Après analyse multivariée en prenant comme référence un groupe d’hypertendus contrôlés au cabinet et
à domicile, le RR d’évènements CV était 2 fois plus élevé en cas d’HTA masquée (RR: 2.06 IC 95%
1.22-2.4) et d’HTA non contrôlée (RR: 1.96 IC95% 1.27-3.02).
L’hypertension masquée serait aussi voire plus dangereuse qu’une hypertension classique en terme de
risque cardiovasculaire justifiant l’importance de réaliser une automesure tensionnelle afin de la
dépister, et d’adapter le traitement plus précocement.
L’étude de cohorte Française des Trois Cités (10), publiée en 2013 dans Journal of Hypertension,
évaluant le risque à 1 an de développer une HTA permanente chez des sujets âgés non traités ayant soit
une HTA blouse blanche soit une HTA masquée ; a retrouvé sur une cohorte de 1481 patients âgés de 73
à 97 ans une prévalence d’HTA masquée non négligeable, de l’ordre de 40%, et un risque à 1 an de
développer une HTA permanente multiplié par 17 (OR = 16.8, P < 0.0001).
L’étude PAMELA retrouvait les mêmes constatations, le risque de développer une HTA permanente était
plus élevé chez les personnes présentant initialement une HTA masquée avec un OR de 1.78
(p<0.0001). (8)
10
La pratique des mesures ambulatoires et plus particulièrement d’automesure est donc particulièrement
indiquée chez les sujets âgés.
Méconnaitre cette forme d’HTA expose à un sous diagnostic et un sur-risque cardiovasculaire; les
mesures ambulatoires sont donc indispensables en complément de la mesure conventionnelle.

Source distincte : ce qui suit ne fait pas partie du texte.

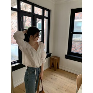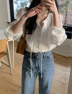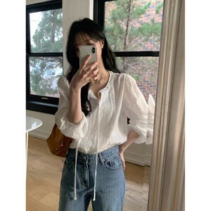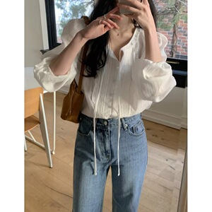 韩国ins甜美小花边领飘带压褶系扣长袖衬衫女气质通勤百搭上衣
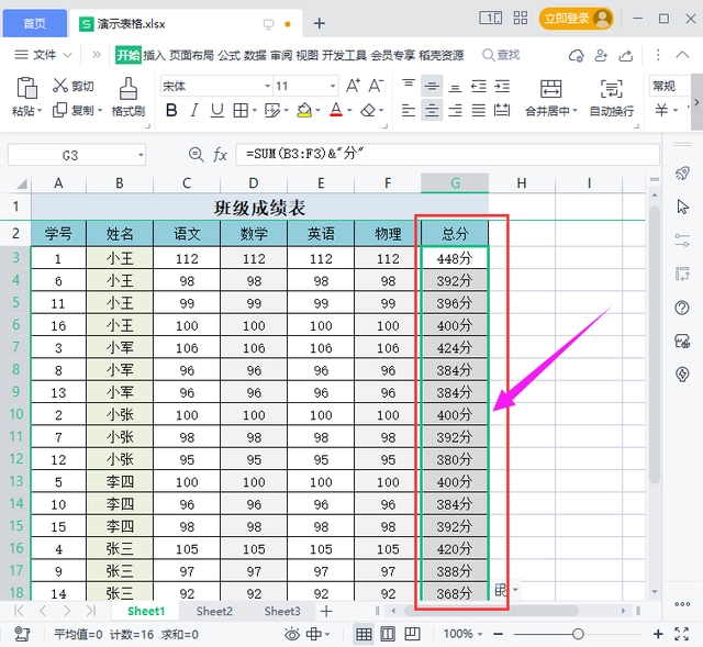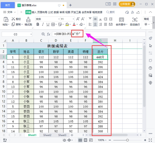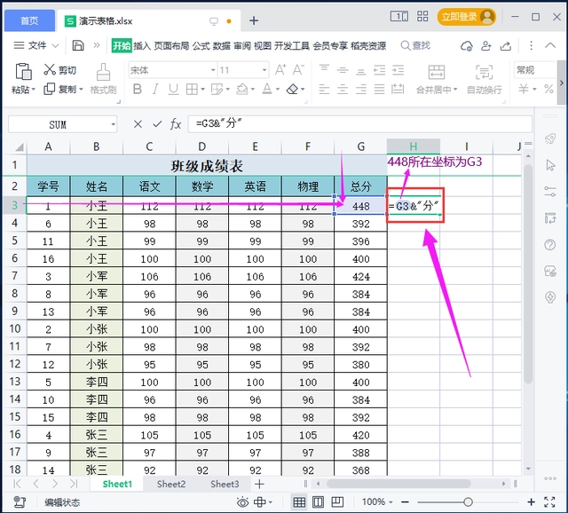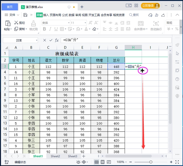 (1)打开一个要编辑的Excel工作表,例如对总分列批量添加后缀“分”字,选择新的单元格,为了方便操作选择相邻的那个单元格就行,然后在单元格里面写入公式“=“前缀”&原内容单元格编号”或者“= 原内容单元格编号& “后缀”。这里应该注意引号要在英文状态输入才管用,连接符“&”应同时按住“shift+7” 输入。如下图所示输入“=G3&“分””,其中G3为第一个总分448所在的位置坐标。
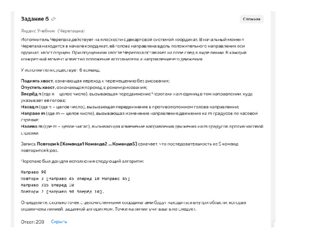 Тип 6 № 47248iИсполнитель Черепаха действует на плоскости с декартовой системой координат. В начальный момент Черепаха находится в начале координат, её голова направлена вдоль положительного направления оси ординат, хвост опущен. При опущенном хвосте Черепаха оставляет на поле след в виде линии. В каждый конкретный момент известно положение исполнителя и направление его движения. У исполнителя существует две команды: Вперёд n (где n — целое число), вызывающая передвижение Черепахи на n единиц в том направлении, куда указывает её голова, и Направо m (где m — целое число), вызывающая изменение направления движения на m градусов по часовой стрелке. Запись Повтори k [Команда1 Команда2 … КомандаS] означает, что последовательность из S команд повторится k раз. Черепахе был дан для исполнения следующий алгоритм:
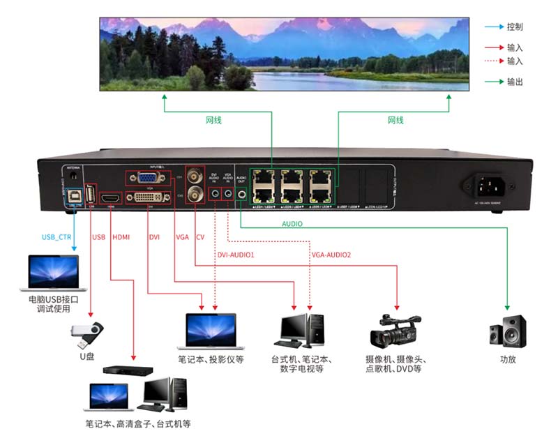 支持多路輸入:HDMI,DVI,VGA,2*CVBS
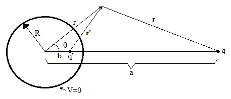 Uma carga pontual é posicionada a uma distância a do centro de uma esfera condutora de raio R, a qual possui potencial igual a zero, ou seja, está aterrada. De acordo com o método das imagens, pode-se substituir as cargas induzidas na esfera condutora pela carga pontual por uma outra carga pontual q', no mesmo eixo a uma distância b do centro da esfera condutora. Para esta situação equivalente, o potencial será:
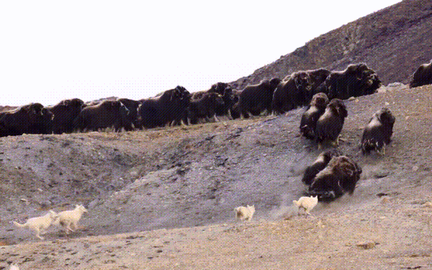 “但这些北极狼对人类表现得很信任,它们不怕我们。我看着它们时会想:‘我就是一道唾手可得的美味,你们为什么不吃掉我呢?’但不知为何,它们不吃我,它们更喜欢捕食麝牛。”
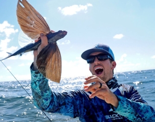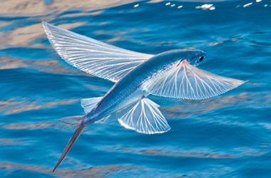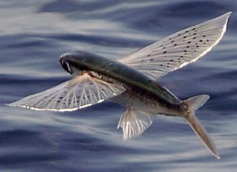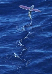 ![]() Exocoetidae ![]() While they cannot fly in the same way a bird does, flying fish can make powerful, self-propelled leaps out of the water where their long wing-like fins enable gliding for considerable distances above the water's surface. There are at least 40 known species of flying fish, which feed on a variety of foods, including plankton. Flying fish use their gliding ability to escape predators, including mackerel, tuna, swordfish, marlin, and other large fish. All flying fish have unevenly forked tails, with the lower lobe longer than the upper. Many species also have enlarged pelvic fins, and are known as 'four-winged flying fish'. ![]() It then goes airborne, reaching heights over 1.2 metres and gliding long distances, sometimes up to 200 metres. Once it falls to near the surface again, it can flap its tail and taxi without fully returning to the water. Capable of continuing its flight this way, flying fish have been recorded stretching out their flights with consecutive glides spanning distances up to 400 metres. In May 2008, a Japanese television crew filmed a flying fish off the coast of Japan that spent 45 seconds in flight. The previous record was 42 seconds. Spawning takes place in the open ocean, near the water’s surface. A female deposits eggs, which are attached by sticky filaments to seaweed and floating debris. Newly hatched flying fish have whiskers near their mouths, which disguises them as plants, protecting them from predators. A flying fish lives for an average of five years. Flying fish are commercially fished in Japan, Vietnam, and China by gillnetting, and in Indonesia and India by dipnetting. ![]() ![]() |
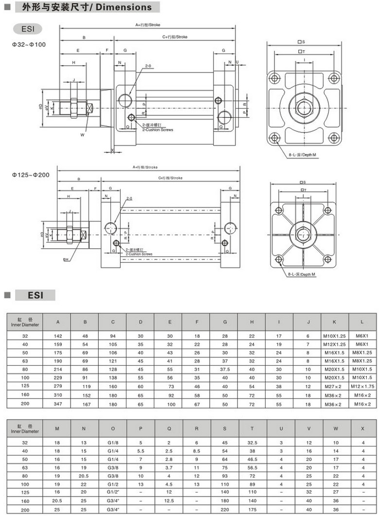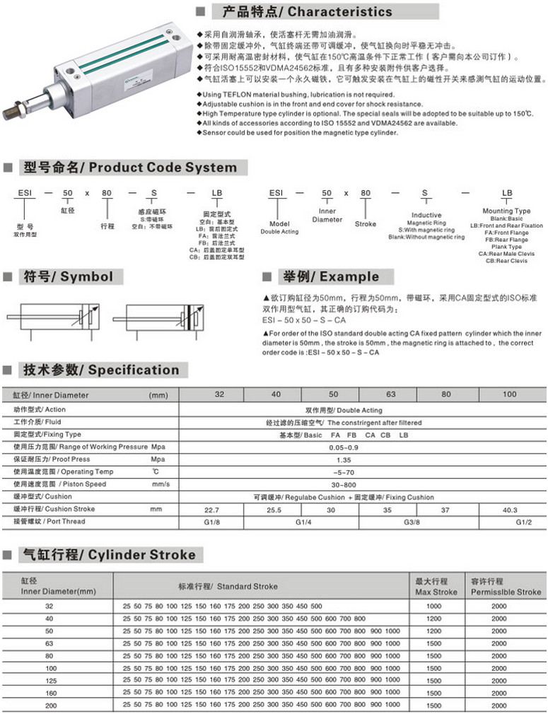 ESI-32*25-S,ESI-40*50-S,ESI-50*75-S,ESI-63*80-S,ESI-80*100-S,標(biāo)準(zhǔn)氣缸
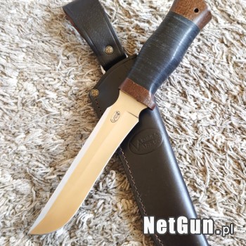Sprzedam spory solidny nóż ze stali D2 z Varmsa, o typowo myśliwskim przeznaczeniu. Solidnie spasowany, wykonany z super dokładnością. B.ostry, to ważne. Wygodna rękojeść została wykonana ze sprasowanej skóry i mikarty. Dobrze wpasowuje się w dłoń podczas pewnego, mocnego chwytu. Na końcu otwór n...
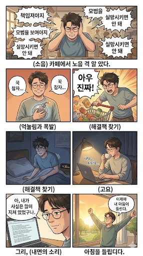 흐트러진 모습이나 엇나간 생각은 절대 용납할 수 없다는 듯, 제 안에서 일어나는 불편한 감정들을 억지로 삼키고 숨기기에 급급했습니다.
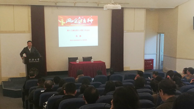 张雄结合参会经历,带领大家解读政府工作报告,深刻领会第十三届全国人大第二次会议的精神和内容,包括2018政府工作报告、2018政府工作业绩、2019政府工作目标、2019年政府惠民红包等,以及本次政府工作报告政策释放的九个信号,如稳就业、更大规模减税、精准有效支持实体经济、高品质发展和绿色发展等。此外,张雄详细介绍了政府工作报告新词和热议点、人大常委会工作报告、两高工作报告和热议点、以及最高法和最高检的工作新亮点。此外,张雄还与大家分享了全国人大第二次会议的花絮和剪影,讲座内容丰富,赢得在座教职工阵阵掌声。
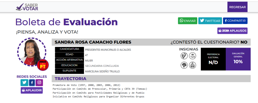 Temoac.-La ex candidata del Partido del Trabajo a la presidencia municipal de Temoac Sandra Rosa Camacho Flores fue asesinada esta tarde.
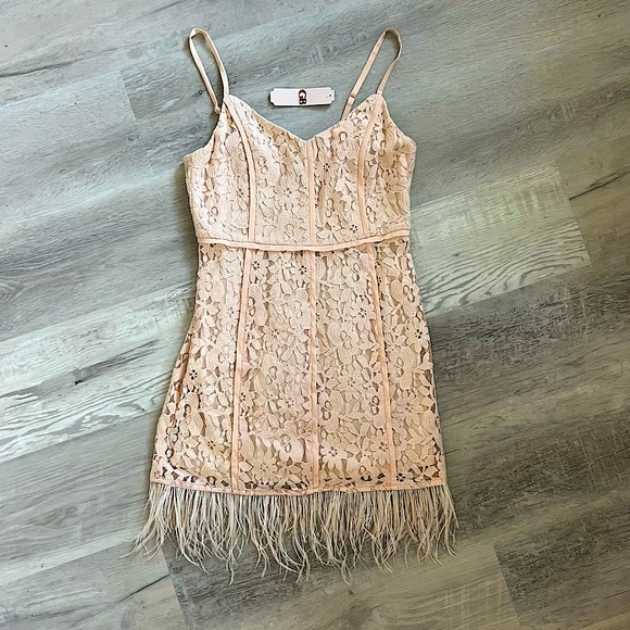 | Product Features | Brand new with tags and unworn lace dress with feather trim by GB. | ||
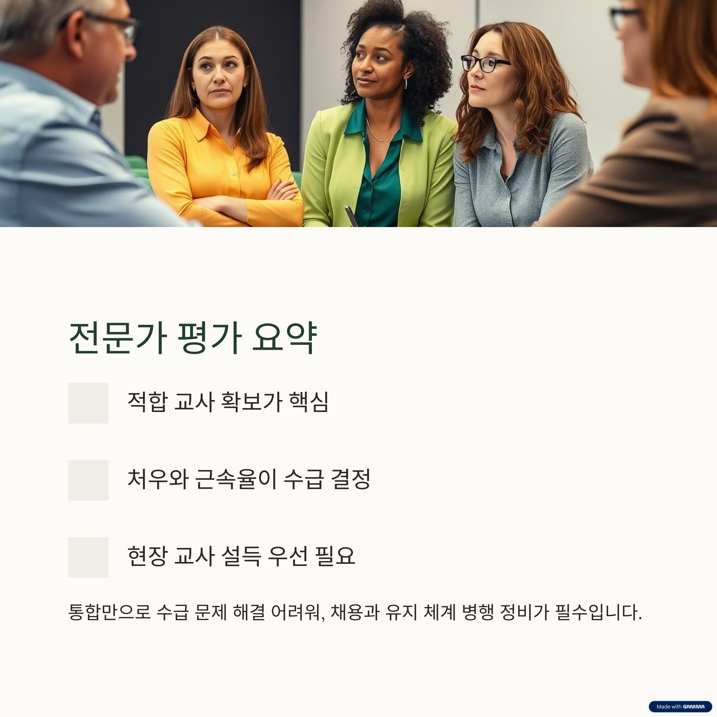 - "양적 문제보다 ‘적합 교사’ 확보가 핵심이다"
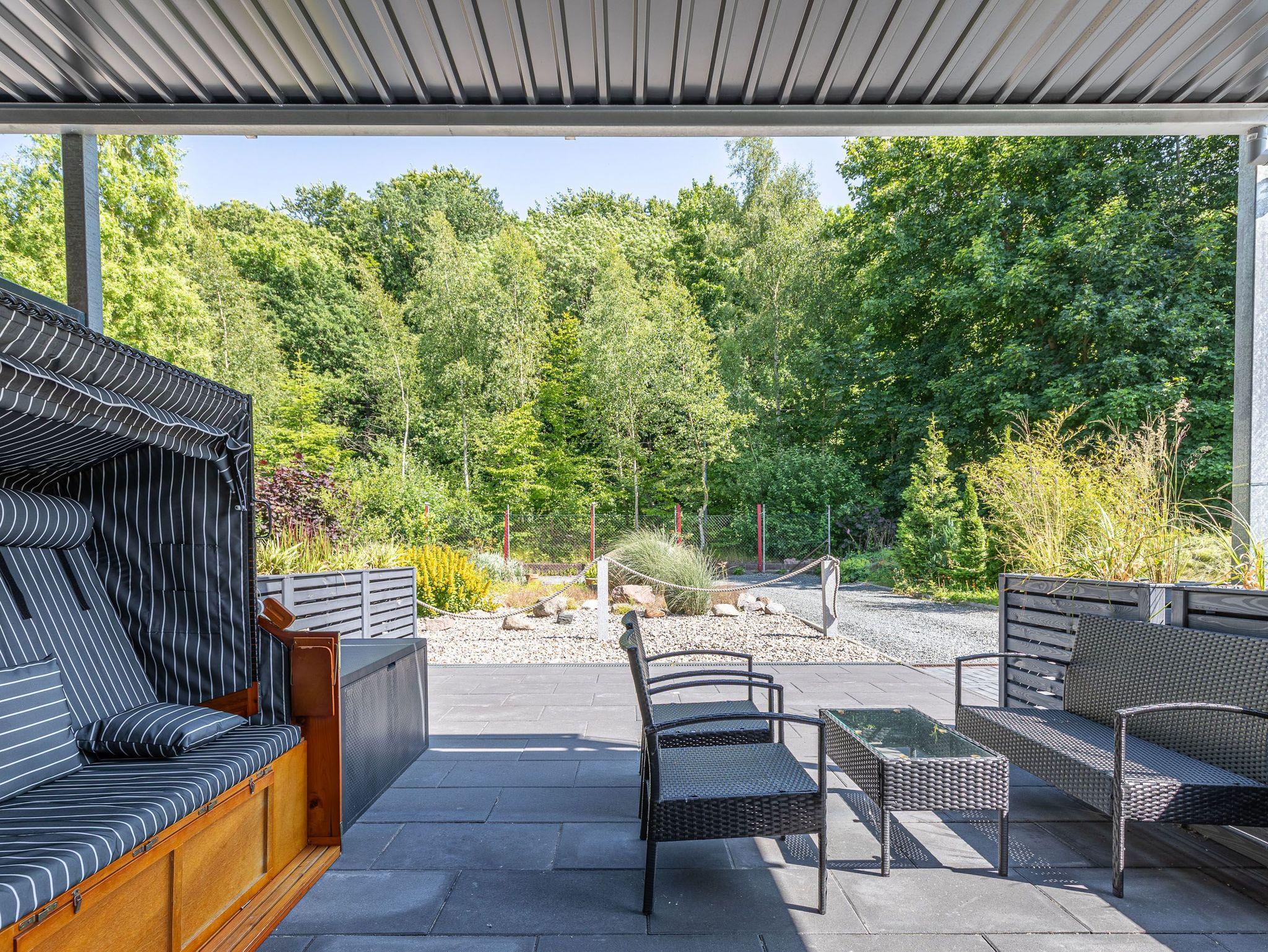 Terrasse, Fußbodenheizung, Küchenzeile, 2 Schlafzimmer, Geschirrspüler, 2xBäder (1x Duschbad/WC, 1x Vollbad/WC), Fön, TV, Strandkorb auf der Terrasse, kostenl. W-Lan, inkl. PKW-Außenstellplatz vor dem Haus, Wallbox auf dem Grundstück (gegen Gebühr).
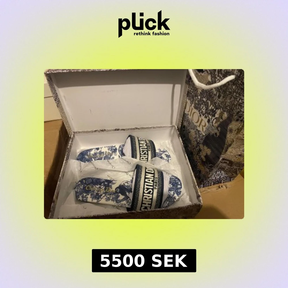 Säljer ett par lyxiga sandaler från Christian Dior i storlek 39. De är blåvita med ett unikt mönster och har tydlig Dior-logga broderad på remmen. Sulan är i skinn och sandalerna har en platt sula. Skolåda och Bag till kommer‼️ fraktar samma dag eller dagen därpå🙌
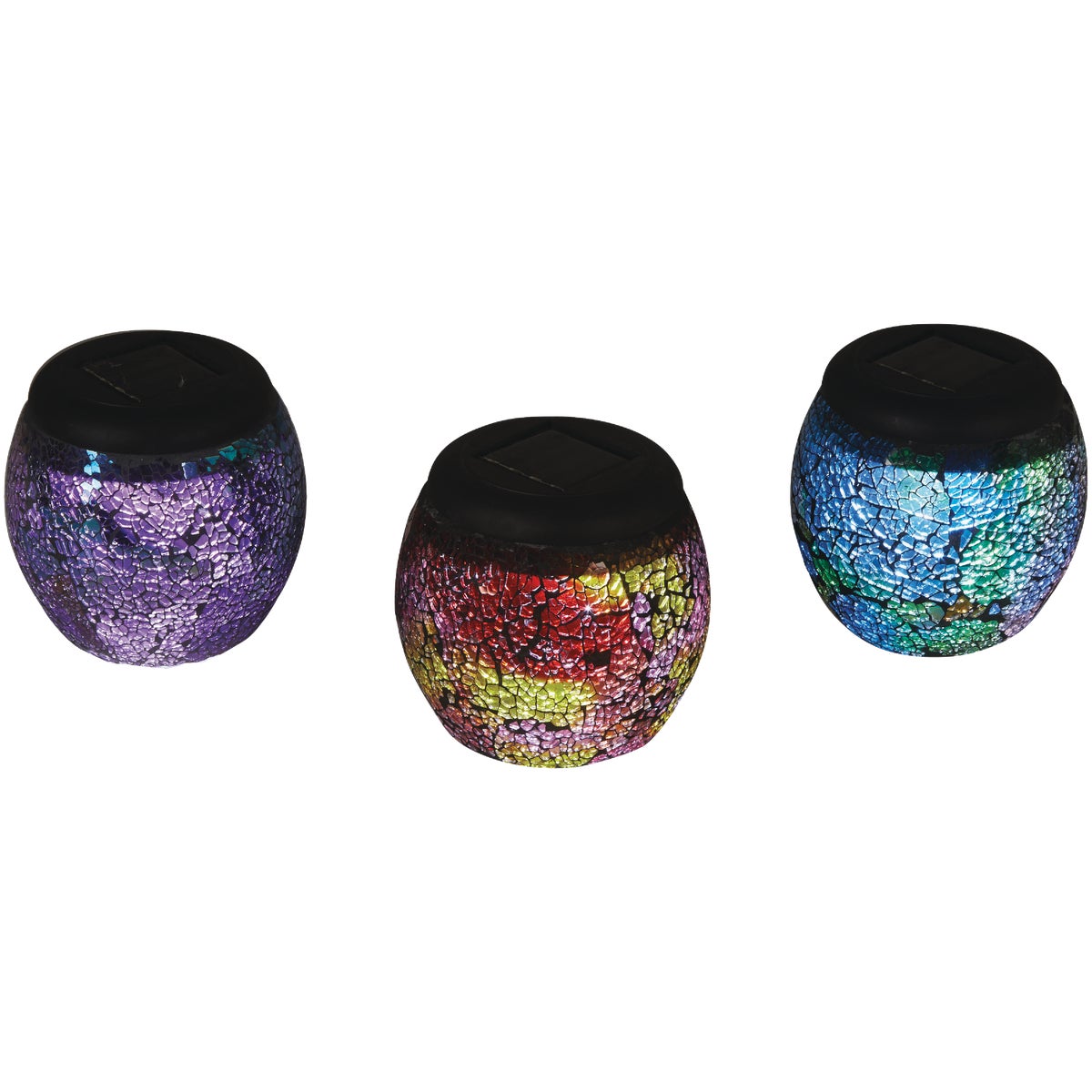 Solar powered mosaic glass jar lantern with LED (light emitting diode) lights. Provides entrancing accent lighting and makes a marvelous addition to any yard or garden. The solar light soaks up the sun's energy during the day which is efficient and cost-saving for hassle-free illumination. Designed in mosaic style and available in red, turquoise, and purple. Cannot specify color. The lights feature a white LED light of 4 lumens that provides quality performance up to 6 to 8 hours. The mosaic jar lanterns are sturdy and weather-resistant, so they can be used in multiple seasons instead of just warm summer nights. These stunning mosaic jar LED lanterns are a practical and stylish solution for any garden, walkway, path, patio, driveway, landscape, and more. Measures 5 In. W. x 5 In. H. x 5 In. L. Includes a 1-year manufacturer's warranty from the date of purchase.
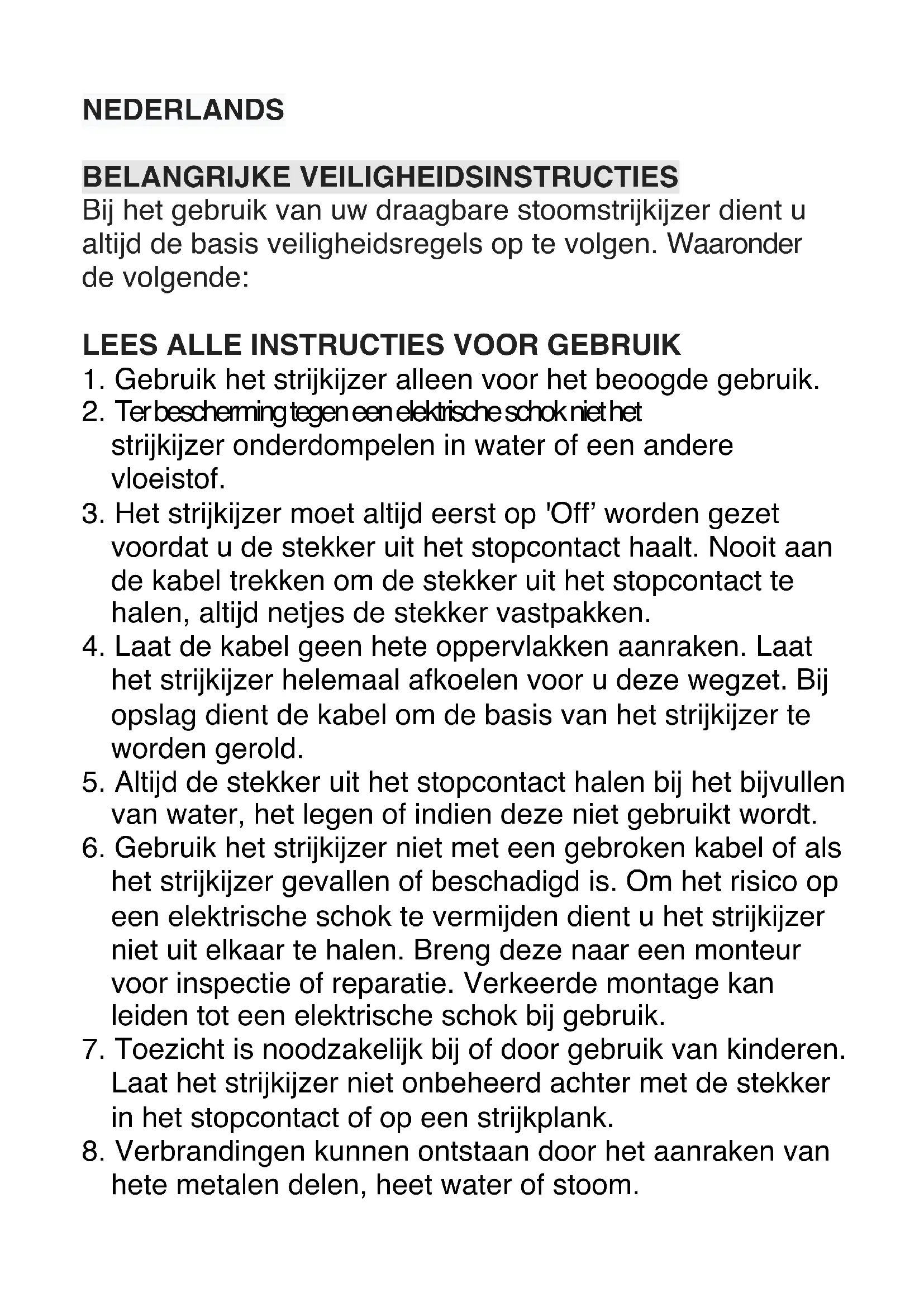 1. Gebruik het strijkijzer alleen voor het beoogde gebruik.

Outre l’AMT, il existe la MAPA. Ces deux méthodes ne sont pas compétitives mais complémentaires,
répondant à des besoins différents.
II. Automesure :
L’automesure tensionnelle, consiste à la prise de tension au domicile par le patient lui-même de manière
répétée sur plusieurs jours. Le diagnostic d’hypertension est obtenu quand la PA moyenne
≥135/85mmHg.
A. Preuve de son intérêt:
De nombreuses études ont été menées concernant l’AMT, cette méthode a fait la preuve de son intérêt
dans le diagnostic, du fait de sa meilleure spécificité par rapport à la mesure au cabinet et d’une bonne
sensibilité.
Dans une méta-analyse de 20 études (5) comparant la sensibilité et spécificité des mesures tensionnelles
prises au cabinet et par l’AMT, en prenant comme gold standard la MAPA ; la sensibilité de l’AMT
était identique à celle de la mesure au cabinet médical mais sa spécificité était par contre
supérieure.
Ainsi, l’AMT ne doit pas se substituer aux mesures du cabinet mais doit se faire en complément afin de
dépister les faux positifs et les faux négatifs.
11
Cette méta-analyse montrait notamment que :
- l’AMT est un meilleur outil de mesure que la mesure au cabinet pour établir le diagnostic d’HTA
mais n’est pas meilleure que la MAPA.
- pour des niveaux tensionnels élevés l’AMT est moins sensible et moins spécifique que la MAPA
pour le diagnostic d’HTA.
- pour des chiffres tensionnels bas l’AMT est plus sensible et moins spécifique que la MAPA pour le
diagnostic d’HTA.
Par ailleurs, sa valeur pronostique dans l’évaluation du risque d’évènements CV est bien établie et est
supérieure à celle de la mesure clinique. L’étude Ohasama a montré en suivant 1789 patients japonais
pendant 6,6 ans qu’il existait un lien entre les valeurs de PA systolique en AMT et la mortalité CV ; en
effet une augmentation de 1 mmHg de PAS en AMT augmente la mortalité CV de 2 %. (11)
L’étude SHEAF (6) rejoignait ces résultats en démontrant qu’une augmentation de PAS de 10 mmHg
en automesure était corrélée à une augmentation du risque d’événement CV de 17.2 % et qu’une
élévation de 5 mmHg de PA diastolique augmentait celui-ci de 11.7%. Par contre pour la même
augmentation avec la méthode conventionnelle il n’y’avait pas d’augmentation significative.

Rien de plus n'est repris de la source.